During the training phase, logistic regression aims to find the optimal values of the weights $ w $ and bias $ b $ that best fit the training data. This is typically done by minimizing a loss function, such as the binary cross-entropy, using optimization techniques like gradient descent.

Once the model is trained, it can be used to make predictions on new data by computing the probability using the logistic function and applying a threshold (e.g., 0.5) to classify the input as either the positive class or the negative class.

Logistic regression is a straightforward and interpretable algorithm that works well for linearly separable data and can provide probabilistic predictions, making it useful for many binary classification tasks.

### 3-1.1 Import data

In [None]:
# import packages
from sklearn.model_selection import GridSearchCV
import pickle
import pandas as pd
import numpy as np
import seaborn as sns
from sklearn.feature_selection import VarianceThreshold
from sklearn.model_selection import KFold
from sklearn.linear_model import LogisticRegression
import matplotlib.pyplot as plt
from IPython.display import display

with open("outputs/03_Variables.pkl", 'rb') as file:
    (X_train, X_test, y_train, y_test, kfold) = pickle.load(file)

### 3-1.2 Train the model with cross-validation

In [None]:
# Define the hyperparameter grid for logistic regression. For example, you can tune the C parameter, which controls the regularization strength.
param_grid = {'C': [0.001, 0.01, 0.1, 1, 10, 50, 100]}

# Create an instance of logistic regression and the GridSearchCV object:
logistic_model = LogisticRegression(max_iter=1000, multi_class='auto')
grid_search = GridSearchCV(logistic_model, param_grid, cv=kfold)

grid_search.fit(X_train, y_train)
# Retrieve the best hyperparameters and best model:
best_c = grid_search.best_params_['C']
best_model = grid_search.best_estimator_
# Print the best hyperparameter value:
print("Best C parameter:", best_c)

### 3-1.3 Visualize fine-tuning of hyperparameters

In [None]:
# Get the results of the grid search
results = grid_search.cv_results_
mean_test_scores = results['mean_test_score']
params = results['params']
param_values = [param['C'] for param in params]

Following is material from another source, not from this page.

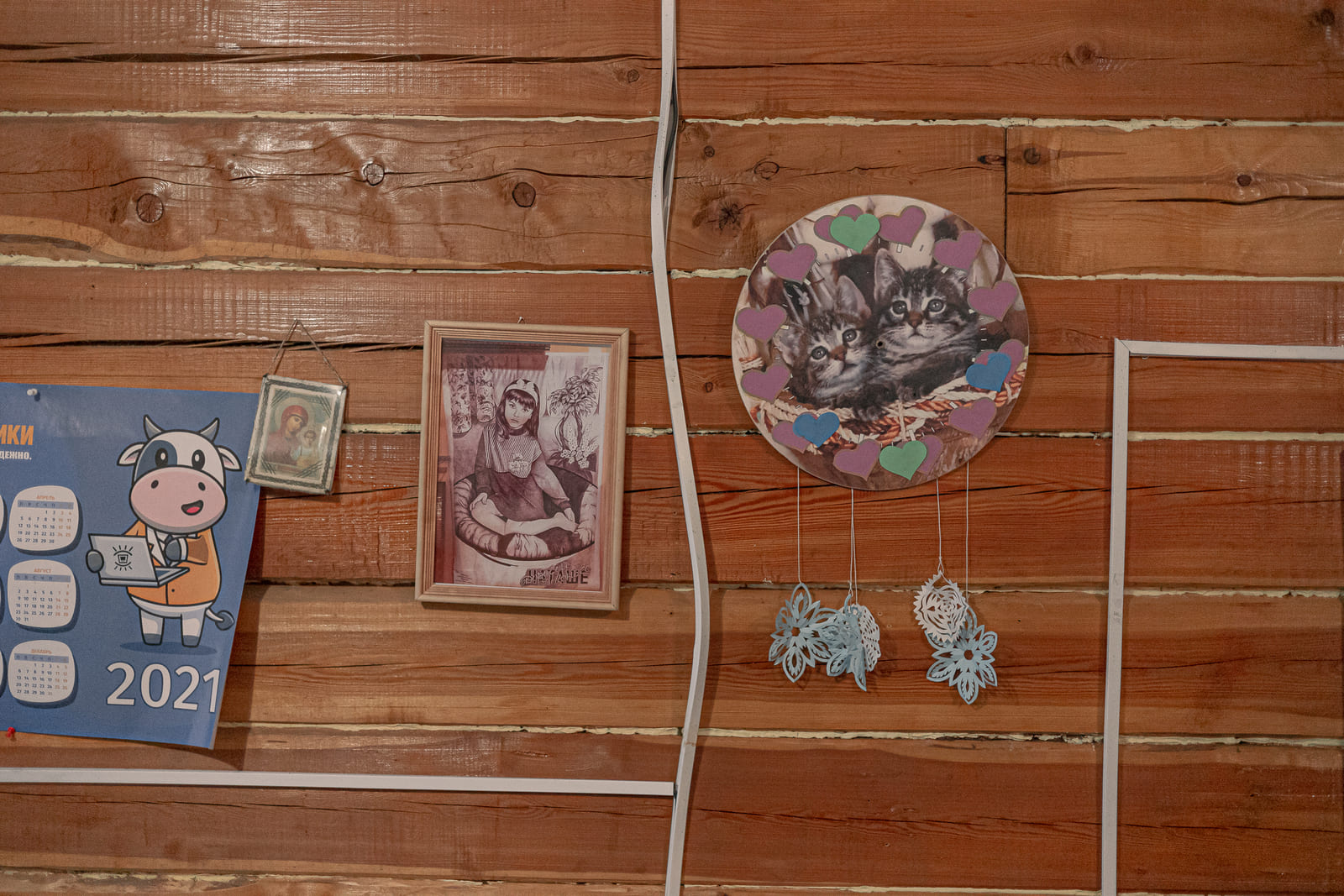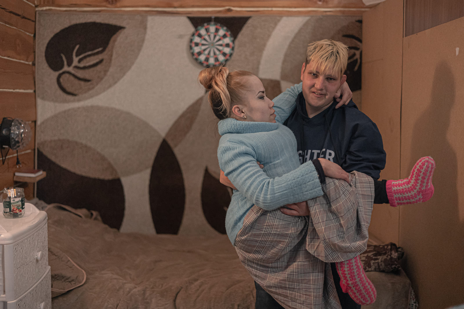 Ольга и Никита — показательная пара, у которой часто берут интервью журналисты. У них — единственных — двуспальная кровать в квартире. Рядом с кроватью висит фотография двух котят. Она обрамлена бумажными сердечками.

# Plot the grid search results
plt.figure(figsize=(8, 6))
plt.plot(param_values, mean_test_scores, marker='o', linestyle='-')
plt.xlabel('C Parameter')
plt.ylabel('Mean Test Score (Accuracy)')
plt.title('Grid Search Results')
plt.grid(True)
plt.show()

### 3-1.4 Visualize the trained model

In [None]:
# Plot feature importance
top_N = 20
coef_df = pd.DataFrame({"feature name": best_model.feature_names_in_,
                        "coefficient": best_model.coef_[0],
                        "abs": np.abs(best_model.coef_[0])})
coef_df = coef_df.sort_values(by=['abs'], ascending=False)
coef_df = coef_df.iloc[0:top_N,:]

sns.barplot(data=coef_df, x="feature name", y="coefficient")
plt.xticks(rotation=45, ha="right")
plt.title('Feature Importance')

### 3-1.5 Save the model

In [None]:
import joblib
# Save the final trained model to a file
joblib.dump(best_model, 'outputs/03-1_Logistic_Regression_final_model.joblib')